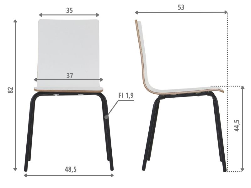 Wymiary Krzesło kubełkowe z grubą sklejką (11 mm), pokrytą wytrzymałym laminatem, gwarantuje solidność i łatwość utrzymania. Stelaż spawany o średnicy rurki 19 mm i grubości ścianki 2,2 mm zapewnia stabilność i trwałość.
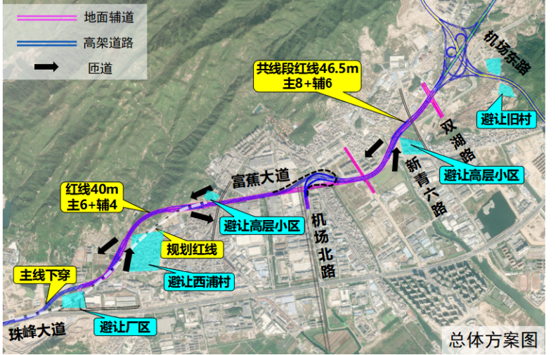 ◆机场东路(珠海大道—富蕉大道)中部分路段可规划为“高架双向六车道+地面双向六车道”的形式。
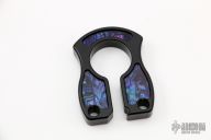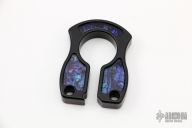 This keeper by John Gray is made from aluminum and has been cerakoted black and has abalone inlays. Has a bottle opener and holes for a key ring. Can be hung from a belt loop. Can also be used as a knuckle. New from maker at the 2022 USN Gathering.
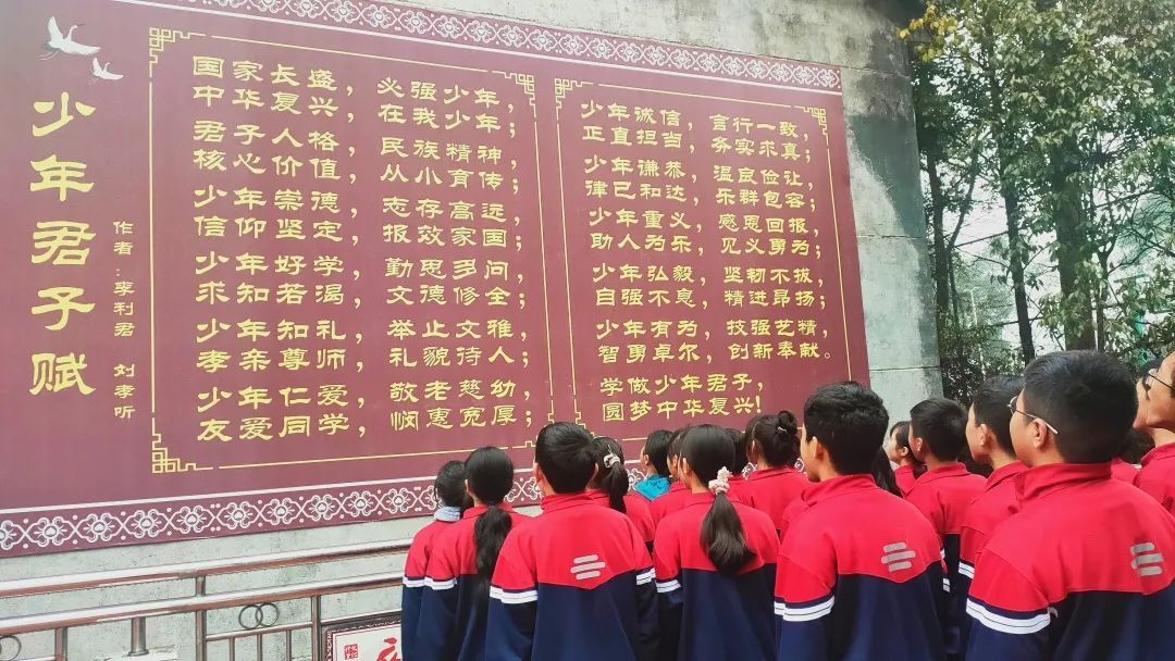 为了全方位推进君子文化教育 ,该校还安排了经典晚诵内容,即每天晚辅导之前十分钟是全校学生同读经典时间;同时在全校学生中推广《君子谣》手语舞,并将其搬上了阳光体育大课间的活动舞台;定期组织学生参观学习“君子墙”上的内容,让学生身临其境多感官感受君子文化的魅力;组织君子文化大讲堂听课 笔记评比活动,进一步提升学生的学习热情和积极性;开展君子文化知识竞赛,作为期末学生综合素质评价的依据之一 。
|---|
Leaving the pictures aside, repeat the data above exactly.

 Wymiary Krzesło kubełkowe z grubą sklejką (11 mm), pokrytą wytrzymałym laminatem, gwarantuje solidność i łatwość utrzymania. Stelaż spawany o średnicy rurki 19 mm i grubości ścianki 2,2 mm zapewnia stabilność i trwałość.
 ◆机场东路(珠海大道—富蕉大道)中部分路段可规划为“高架双向六车道+地面双向六车道”的形式。
 This keeper by John Gray is made from aluminum and has been cerakoted black and has abalone inlays. Has a bottle opener and holes for a key ring. Can be hung from a belt loop. Can also be used as a knuckle. New from maker at the 2022 USN Gathering.
 为了全方位推进君子文化教育 ,该校还安排了经典晚诵内容,即每天晚辅导之前十分钟是全校学生同读经典时间;同时在全校学生中推广《君子谣》手语舞,并将其搬上了阳光体育大课间的活动舞台;定期组织学生参观学习“君子墙”上的内容,让学生身临其境多感官感受君子文化的魅力;组织君子文化大讲堂听课 笔记评比活动,进一步提升学生的学习热情和积极性;开展君子文化知识竞赛,作为期末学生综合素质评价的依据之一 。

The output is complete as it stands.